Leibovitz v. Hamburg

16 Pa. D. & C. 141, 1931 Pa. Dist. & Cnty. Dec. LEXIS 18
CourtPennsylvania Court of Common Pleas, Philadelphia County
DecidedJuly 14, 1931
DocketNo. 10250
StatusPublished

This text of 16 Pa. D. & C. 141 (Leibovitz v. Hamburg) is published on Counsel Stack Legal Research, covering Pennsylvania Court of Common Pleas, Philadelphia County primary law. Counsel Stack provides free access to over 12 million legal documents including statutes, case law, regulations, and constitutions.

Bluebook
Leibovitz v. Hamburg, 16 Pa. D. & C. 141, 1931 Pa. Dist. & Cnty. Dec. LEXIS 18 (Pa. Super. Ct. 1931).

Opinion

Alessandroni, J.,

Abraham Leibovitz leased to William Hamburg the store at No. 1326 West Montgomery Avenue in the City of Philadelphia for a term of five years from July 1, 1929. It was provided in the lease that the premises were not to be occupied otherwise than as a delicatessen store. Provision was also made for an amicable action and confession of judgment in ejectment in the event that any of the conditions of the lease were broken. By virtue of this clause the plaintiff entered an amicable action and a confession of judgment in ejectment, averring that the defendant had breached the terms of his lease by engaging in the sale of ice cream, sandwiches, milk, etc., for consumption on the premises. The defendant thereupon filed a petition to open judgment, upon the allegations of which this rule to show cause was allowed. The petition avers that the amicable ejectment action was entered on an averment that the defendant had breached the clause of the lease providing that the premises should not be occupied other than as a delicatessen store; that the defendant has not occupied the premises otherwise than as a delicatessen store at any time, and further avers that the plaintiff accepted rent subsequent to the written notice sent to the defendant to vacate, which it is alleged constitutes a waiver.

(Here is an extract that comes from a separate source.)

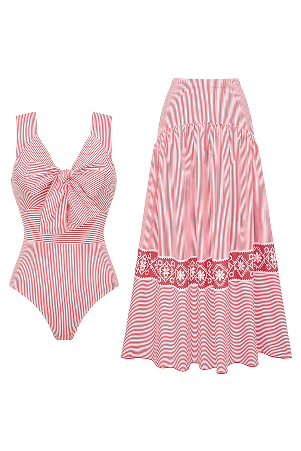 Ensemble de maillots de bain 2 pièces en nœud nœud à rayures rouges avec robe de plage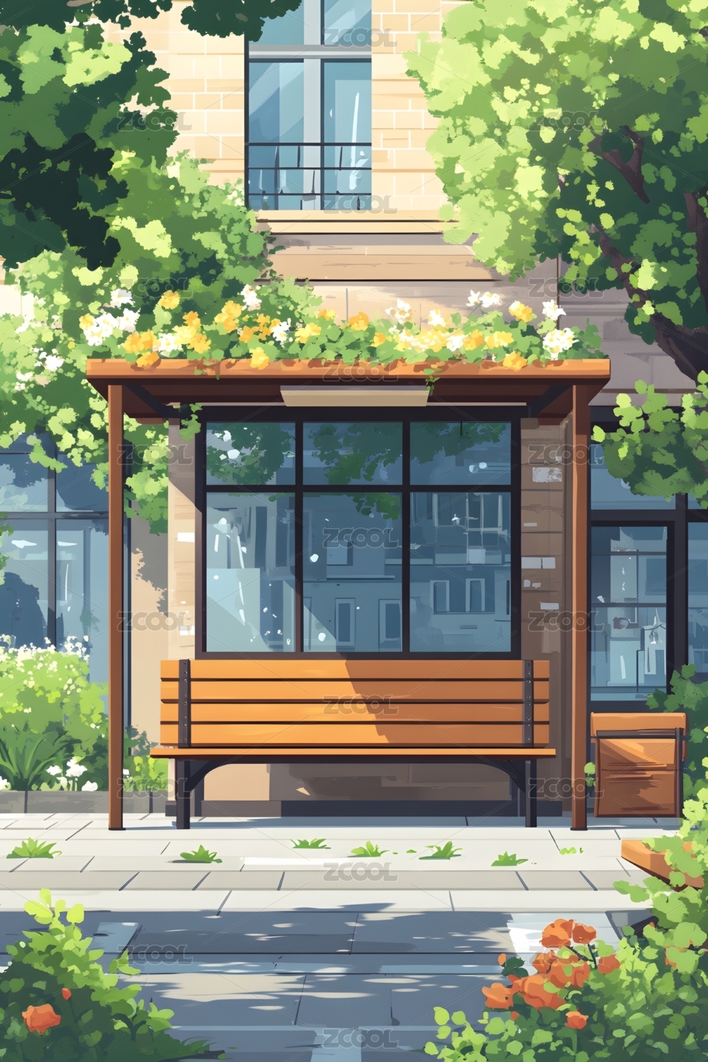 城市街道上的简约巴士车站

The answer to the petition again states that the defendant has occupied the premises other than as a delicatessen store because he sells sandwiches, pies, beverages, soft drinks and other articles of food for consumption on the premises, thereby conducting a restaurant thereon.

The answer further avers that on August 8, 1928, the plaintiff leased a store located at the southeast corner of Broad Street and Montgomery Avenue for a term of five years as a restaurant, by the terms of which lease 'the plaintiff agreed not to lease any of the adjoining stores as a restaurant; that at the time the defendant entered into his lease he had knowledge of the covenant in the lease for the restaurant with a certain Mr. Totis and Mr. Lekas; that because the defendant sold sandwiches, pies, etc., for consumption on his premises, Totis and Lekas instituted an action for damages for breach of covenant in the lease and that the defendant was notified of the action and requested to defend it but refused to do so; that as a result of the trial the jury returned a verdict in favor of Totis and Lekas against Abraham Leibovitz, finding that the defendant herein used his premises as a [142]*142restaurant. It is further denied that rent was accepted after notice was given the defendant to vacate. On the contrary, it is averred that the plaintiff returned a check for rent sent to him.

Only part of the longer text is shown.